1. General information

1.1. Aims of the course

The objectives of the course are the following:

  • Goal 1: Identify the main fields and applications in contemporary Bio-medical research where data volume, variety and generation velocity make data science approaches pivotal.

  • Goal 2: Understand the basics of data production in Next Generation Sequencing technologies (NGS).

  • Goal 3: Study the most important steps of a paradigmatic RNA-sequencing data analysis pipeline, as a key example of data science application in contemporary Biology; from quality control to statistical modeling and biological interpretation.

  • Goal 4: Understand the basics of single-cell sequencing technologies: describe data generation techniques, data features that differ with respect to bulk sequencing data, and describe, and use, analytical approaches to deal with them.

  • Goal 5: Stablish a critical debate around ethical and epistemological aspects related to the role of the bioinformatician / data-scientist in contemporary computational genomics.

These goals are aligned with the following Sustainable Development Goals (SDGs) of the United Nations 2030 Agenda (https://www.un.org/sustainabledevelopment/es/), in such a way that the acquisition of the learning results of this course provides training and skills to contribute to some extent to its achievement:

  • Goal 2: zero hunger.

  • Goal 3: good health and well Being.

  • Goal 5: gender equality.

  • Goal 9: industry, innovation and infrastructure.

  • Goal 14: life below water.

  • Goal 15: life on land.

1.2. Context and importance of this course in the degree

This course is intended to offer a first approach to data science applications in current bio-medical research. To do that, we first provide a general overview of some of the fields where big data science approaches are used more frequently nowadays. After this general contextualization, we will focus on one among such fields where data variety, volume and ever-increasing production velocity and affordability are most remarkable, and bound to deepest epistemological implications. This is the case of the study of -omics data compiled using NGS technologies. Focusing on transcriptomics as one amongst the most popular -omics data modalities, we will discuss how statistical models, applied on the analysis of these big-data-sets, both at bulk, and single-cell resolutions, can be used to shed light about fundamental aspects of cell Biology, evolutionary Biology, or immunology, among others. From a conceptual point of view, the systems and Biological concepts studied in this course are complementary to the contents presented in the course on Systems and Synthetic Biology. The study of the central dogma of cell Biology, -and more specifically the regulation of gene expression, its variation across cell types and conditions- is central to both courses, even though the methodological toolboxes presented in each of them is totally different (Boolean and continuous models to describe time-series evolution in longitudinal designs in systems Biology; versus statistical modelling for the study of cross-sectional data cohorts in this course). From a methodological point of view, the methods presented in the course complement some of the tools presented in the course on Biostatistics and Bio-informatics.

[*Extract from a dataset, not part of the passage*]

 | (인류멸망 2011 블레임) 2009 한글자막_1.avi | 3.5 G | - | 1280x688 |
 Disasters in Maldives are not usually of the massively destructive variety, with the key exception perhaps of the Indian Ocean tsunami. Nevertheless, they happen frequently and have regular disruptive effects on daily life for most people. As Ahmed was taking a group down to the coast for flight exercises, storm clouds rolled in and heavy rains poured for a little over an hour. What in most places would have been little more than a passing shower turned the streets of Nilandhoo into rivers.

1.3. Recommendations to take this course

The course, just like the entire master, is conceived for an interdisciplinary audience composed indistinctly by students coming from backgrounds in formal/quantitative sciences and bio-medical programs alike. In order to complete this course, it is highly recommended to prioritize developing strong R programming skills during the first semester "Introduction to computational methods in Biology", as well as to choose this course along with the optional course in "Bio-statistics and Bio informatics", where many statistical concepts that are central here are also presented.

2. Learning goals

2.1. Competences

Basic and General

1. Order, analyze critically, and interpret information from different types of sources.

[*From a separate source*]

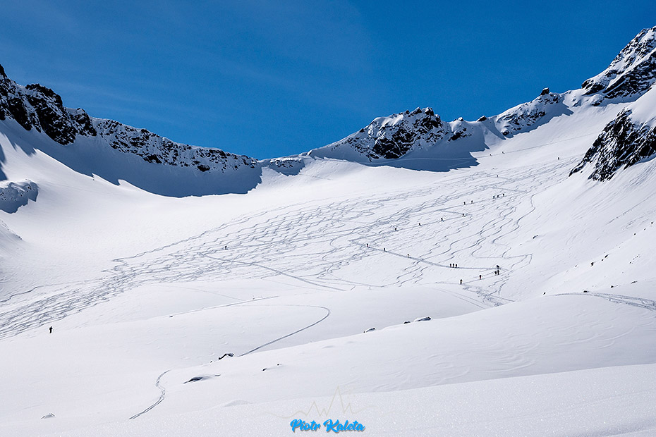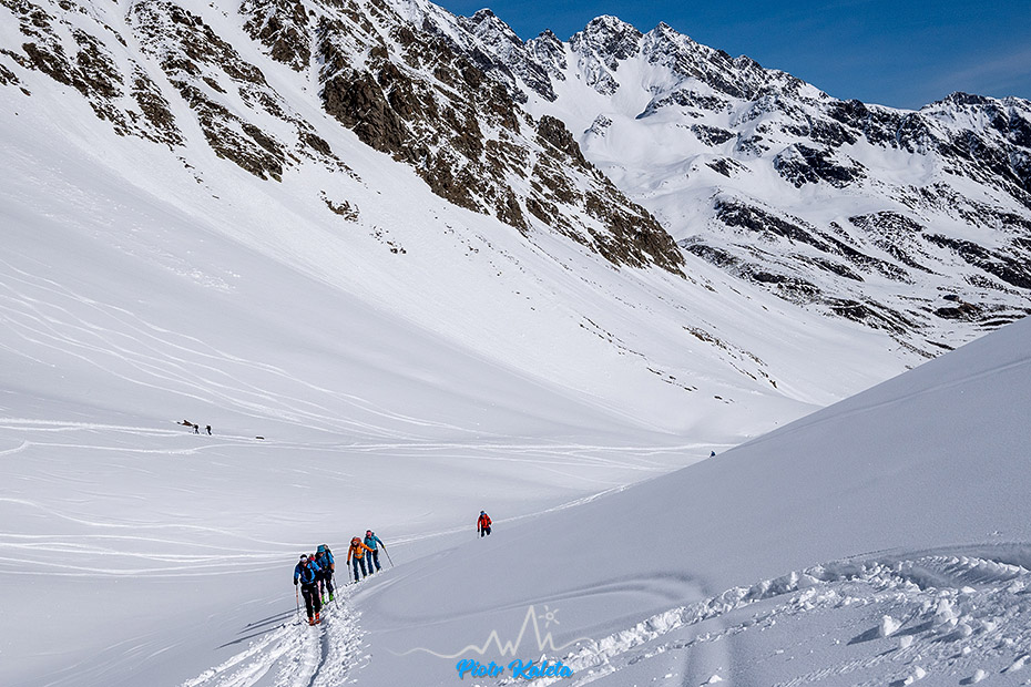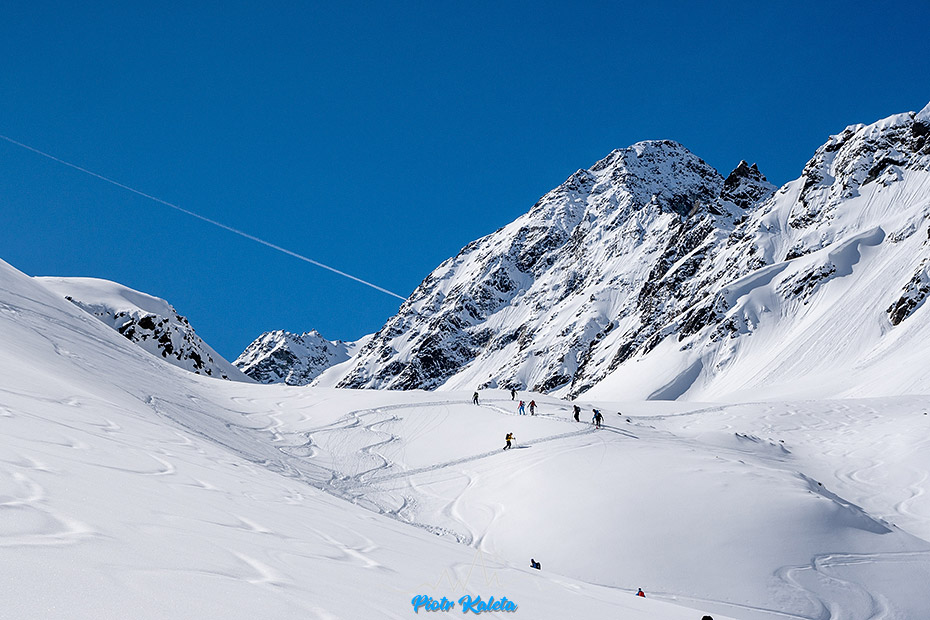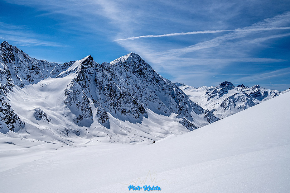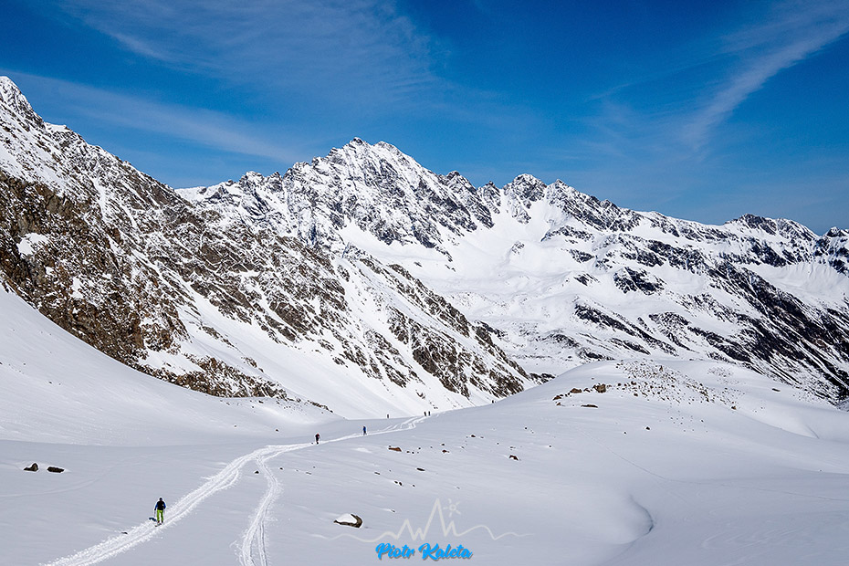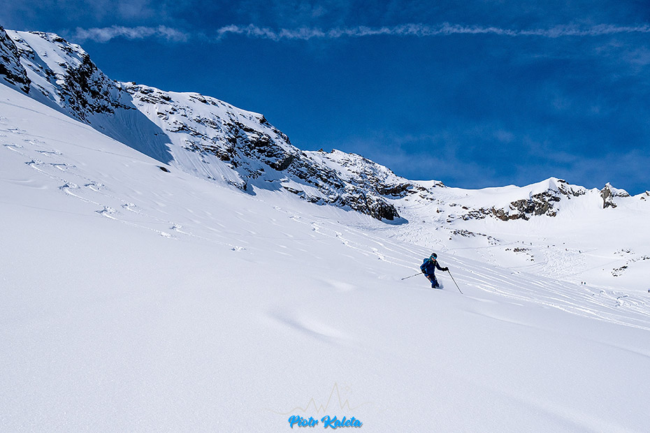 Środowisko zdecydowanie obfituje w cele. Przez to, że nie możemy zdecydować się gdzie iść … się rozdzielamy. Piotrka ciągnie pięknie wyśnieżone zbocze po prawej, mnie przełączka gdzieś w głębi doliny. Przełączka czyli … Längentaljoch : )

2. Develop the learning skills needed to continue studying autonomously new data, methods and applications.

3. Communicate results clear and unambiguously, using suitable presentation tools and with the limitations imposed by time or space.

4. Learn to manage the resources and time available for solving a problem or developing a project.

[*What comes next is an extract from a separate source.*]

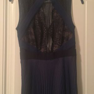 BCBG Max Azria navy & black gown with nude mesh overlay & lace detail.

5. Use to quantitative data to discriminate complex hypotheses, and translate data analysis results into biologically articulated conclusions.

6. Develop critical judgement with respect to the results of one’s own data analyses.

7. Get acquainted with multidisciplinary research environments, and learn an efficient language suitable for communication within multidisciplinary collaborations in Bio-medicine.

 

Specific

1. Identify the main fields of application of data science in Biology and Medicine.

2. Acquire fluidity in basic computational management of big datasets of biological information

3. Implement complete and reproducible analysis pipelines of bulk and single cell RNA-seq data.

4. Identify the main features of an experimental design in -omics data, and translate them into optimal modeling strategies.

5. Acknowledge the ethical and societal implications of the decision-making process in biological data analysis.

2.2. Learning goals

At the end of the course, the student will know what are the main fields of application of data science in biomedical research nowadays. Furthermore, the student will know the basics concerning data production in NGS technologies, and will be able to design, and implement, a complete pipeline for the analysis of RNA-seq transcriptomic data: from QC, and mapping, to statistical modeling and critical and biological interpretation of the results. The student will recognize the main differences between bulk and single-cell sequencing data, and will be familiar with the ethical, societal, and epistemological implications of the data analysis tasks covered in the course.

2.3. Importance of learning goals

Fueled by technical developments, many fields in current bio-medical research have turned into data-intensive disciplines that require of substantial expertise regarding storage, handling, and, very importantly, analysis and interpretation of big datasets. A paramount example is that of NGS technologies, that nowadays allow retrieving genomic data of many different types for ever-increasing sample sizes at an affordable cost, which has supposed a revolution in the study of genomes, their regulation, variation within and across species and their implications in fields spanning from evolutionary Biology to clinical care. The explosive growth of the usage of NGS data in biomedical research has been followed by an intense demand, both in industry and academic environments of technicians and scientists with a simultaneous know-how in statistics, computation and data science techniques as well as a proper background in the biological concepts needed to be able not only to analyze big-datasets of biological information, but to interpret them properly from a biological point of view. The structure of this course is oriented towards the acquisition of such profile, which is under strong demand in contemporary biomedical research.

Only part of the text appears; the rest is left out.